* YOUR GOAL *
Return the listing verbatim, images left out.

—————

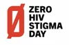 Bright comic-style badge with yellow starburst background and blue outline, featuring the text 'Zero HIV Stigma Day' and a red zero symbol.
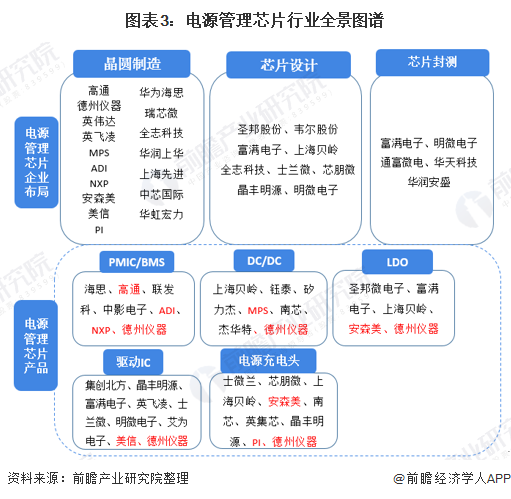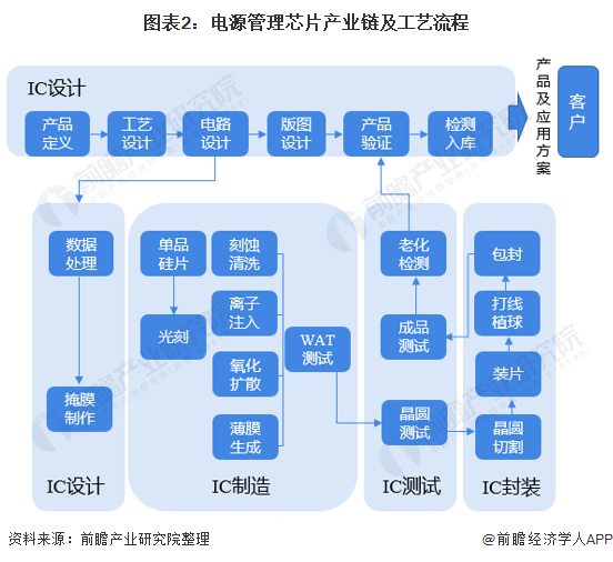 从产业链条来看,电源管理芯片上游为晶圆制造,封装测试等环节,下游为经销商,模组厂及整机厂商等。
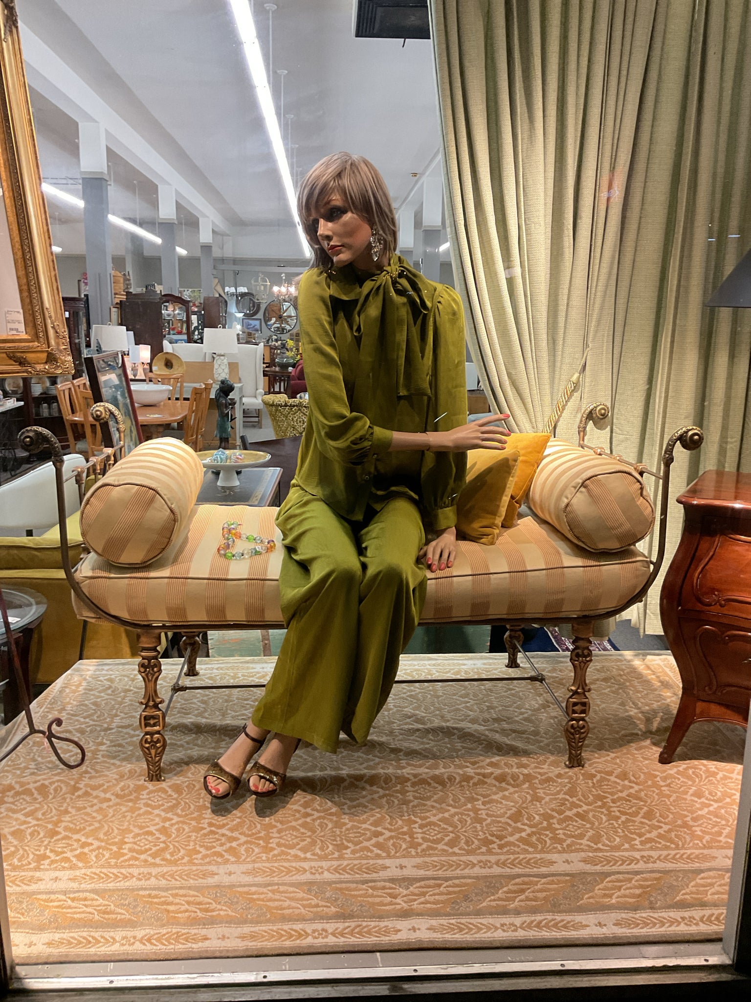 French Metal Daybed w/Damask Cushioning
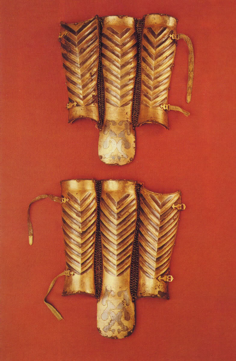 (b) Наручи, длина, 32.5 см. Каждый наруч состоит из трех секций, соединенных петлями с шелковыми ремни с пряжками. Основные пластины украшены позолочеными фигурами в виде двуглавого Орла. Изнутри обиты тканью.
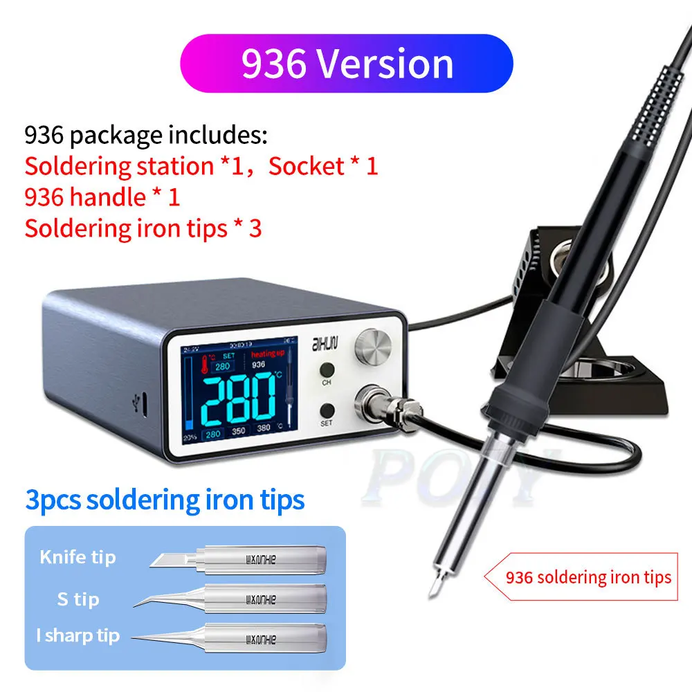 5. Поддержка 936, T12, T245 три ручки, автоматическая идентификация модели ручки и рабочее состояние.
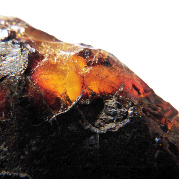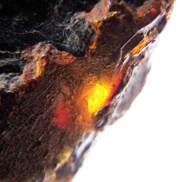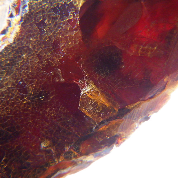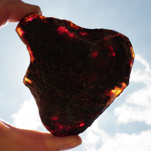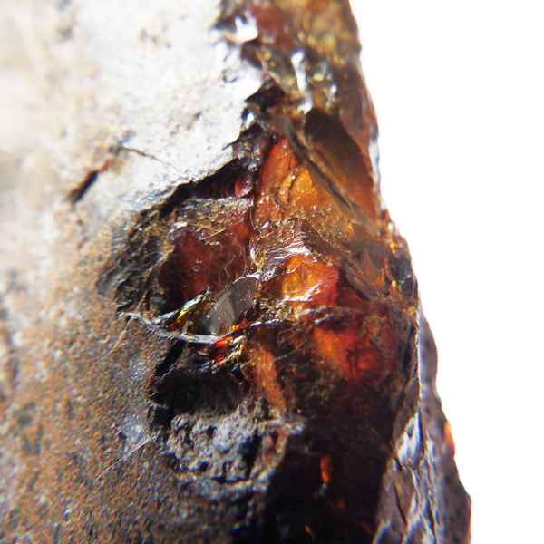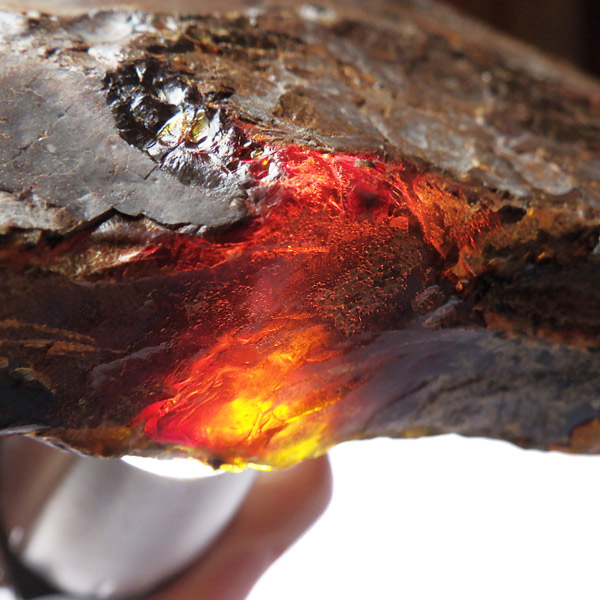 ミャンマー産のレッドアンバー(琥珀)、未研磨原石です。 松柏類の樹脂が3000万年以上の時を経て化石化したものです。 アンバーという名前は、古代アラビア語の「アンバール(海に漂うもの)」が由来です。光を通すと大部分に赤い光を透過させています。ブラックライトなどを使い、紫外線の下では青い蛍光を示す光学的特徴も持っています。琥珀自体貴重な石ですが、その中でも天然の赤い琥珀は大変貴重です。
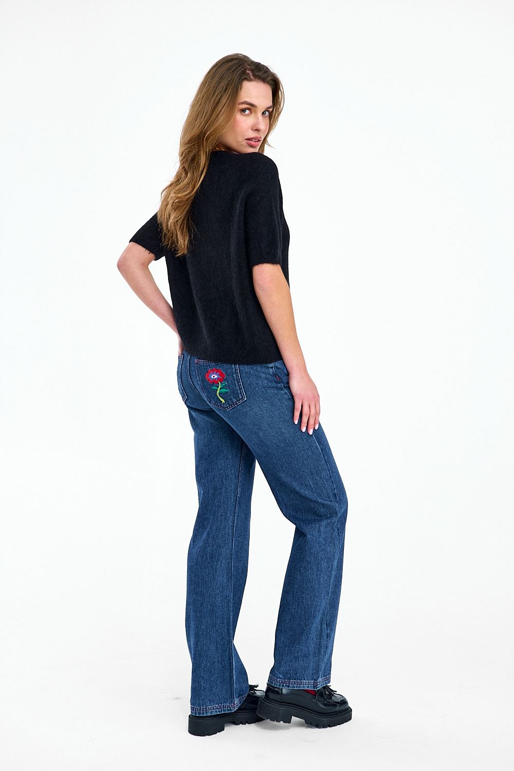 Expect Magic short-sleeved sweater is proof that simplicity can be intriguing. Made from a blend of alpaca and wool, it's incredibly soft and pleasant to the skin. The black color makes it go with everything, and the pink patch with the "Eye in the Cloud" motif adds a dreamlike touch.
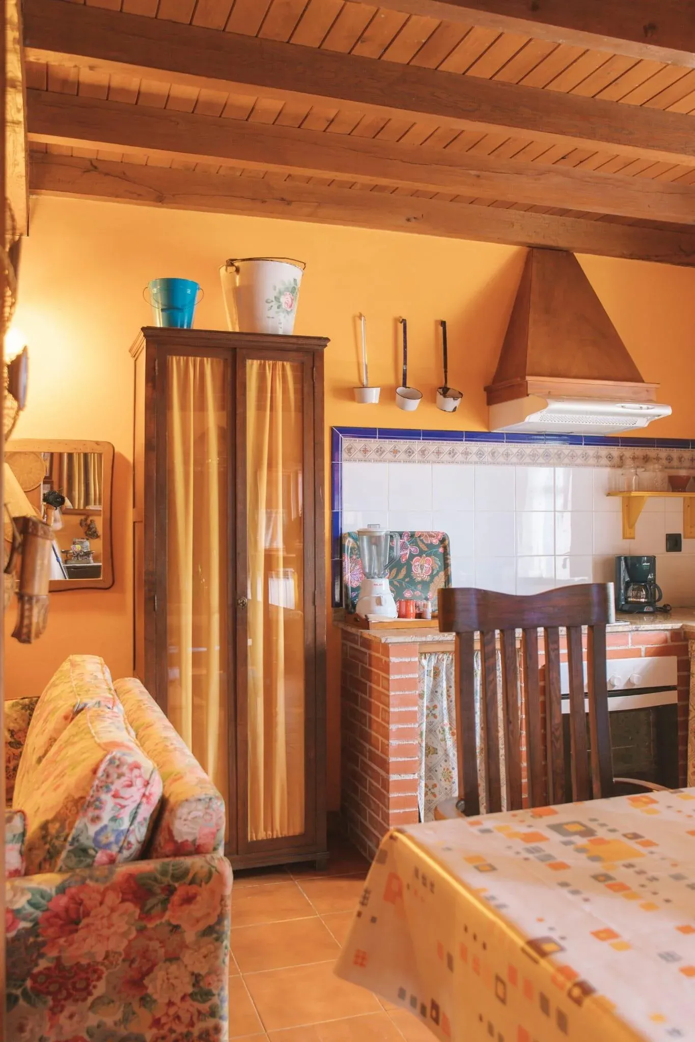 En la planta baja dispone de amplio salón-cocina y aseo. La cocina está totalmente equipada, con vitrocerámica, microondas, nevera, lavadora, plancha, cafetera, tostadora y todo el menaje de cocina necesario. El salón dispone de chimenea y TV.
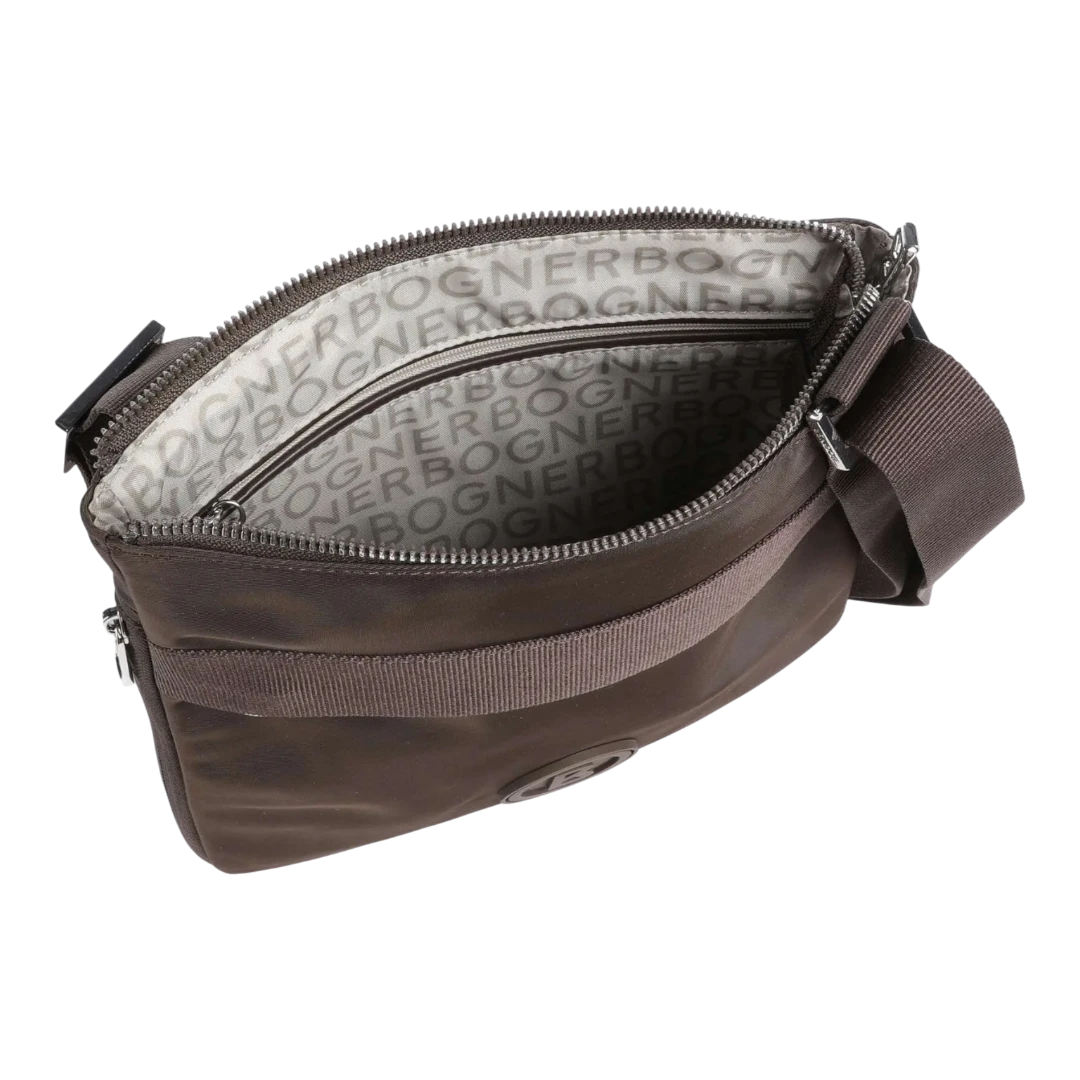 Bogner Maggia 1.0 Serena torba preko ramena u smeđoj boji izrađena je od kvalitetnog i izdržljivog najlonskog materijala, dizajnirana za moderne korisnike koji cijene praktičnost i stil. Torba ima prostor zatvaran patentnim zatvaračem, što osigurava sigurnost vaših stvari, kao i dodatan prednji džep sa zatvaračem i stražnji džep za lako pristupanje sitnicama. Unutrašnjost je opremljena jednim glavnim pretincem, jednim unutrašnjim džepom sa patentom i dva dodatna džepa za organizovan raspored sitnih predmeta. Podesivi remen omogućava udobno nošenje torbe preko ramena ili na križ, prilagođavajući se vašem stilu i potrebama. Ovaj model je kompaktan, lagan i idealan za svakodnevnu upotrebu, bilo da idete kroz grad ili putujete sa sobom.

—————

* RESULT OF THE EXERCISE *
 Bright comic-style badge with yellow starburst background and blue outline, featuring the text 'Zero HIV Stigma Day' and a red zero symbol.
 从产业链条来看,电源管理芯片上游为晶圆制造,封装测试等环节,下游为经销商,模组厂及整机厂商等。
 French Metal Daybed w/Damask Cushioning
 (b) Наручи, длина, 32.5 см. Каждый наруч состоит из трех секций, соединенных петлями с шелковыми ремни с пряжками. Основные пластины украшены позолочеными фигурами в виде двуглавого Орла. Изнутри обиты тканью.
 5. Поддержка 936, T12, T245 три ручки, автоматическая идентификация модели ручки и рабочее состояние.
 ミャンマー産のレッドアンバー(琥珀)、未研磨原石です。 松柏類の樹脂が3000万年以上の時を経て化石化したものです。 アンバーという名前は、古代アラビア語の「アンバール(海に漂うもの)」が由来です。光を通すと大部分に赤い光を透過させています。ブラックライトなどを使い、紫外線の下では青い蛍光を示す光学的特徴も持っています。琥珀自体貴重な石ですが、その中でも天然の赤い琥珀は大変貴重です。
 Expect Magic short-sleeved sweater is proof that simplicity can be intriguing. Made from a blend of alpaca and wool, it's incredibly soft and pleasant to the skin. The black color makes it go with everything, and the pink patch with the "Eye in the Cloud" motif adds a dreamlike touch.
 En la planta baja dispone de amplio salón-cocina y aseo. La cocina está totalmente equipada, con vitrocerámica, microondas, nevera, lavadora, plancha, cafetera, tostadora y todo el menaje de cocina necesario. El salón dispone de chimenea y TV.
 Bogner Maggia 1.0 Serena torba preko ramena u smeđoj boji izrađena je od kvalitetnog i izdržljivog najlonskog materijala, dizajnirana za moderne korisnike koji cijene praktičnost i stil. Torba ima prostor zatvaran patentnim zatvaračem, što osigurava sigurnost vaših stvari, kao i dodatan prednji džep sa zatvaračem i stražnji džep za lako pristupanje sitnicama. Unutrašnjost je opremljena jednim glavnim pretincem, jednim unutrašnjim džepom sa patentom i dva dodatna džepa za organizovan raspored sitnih predmeta. Podesivi remen omogućava udobno nošenje torbe preko ramena ili na križ, prilagođavajući se vašem stilu i potrebama. Ovaj model je kompaktan, lagan i idealan za svakodnevnu upotrebu, bilo da idete kroz grad ili putujete sa sobom.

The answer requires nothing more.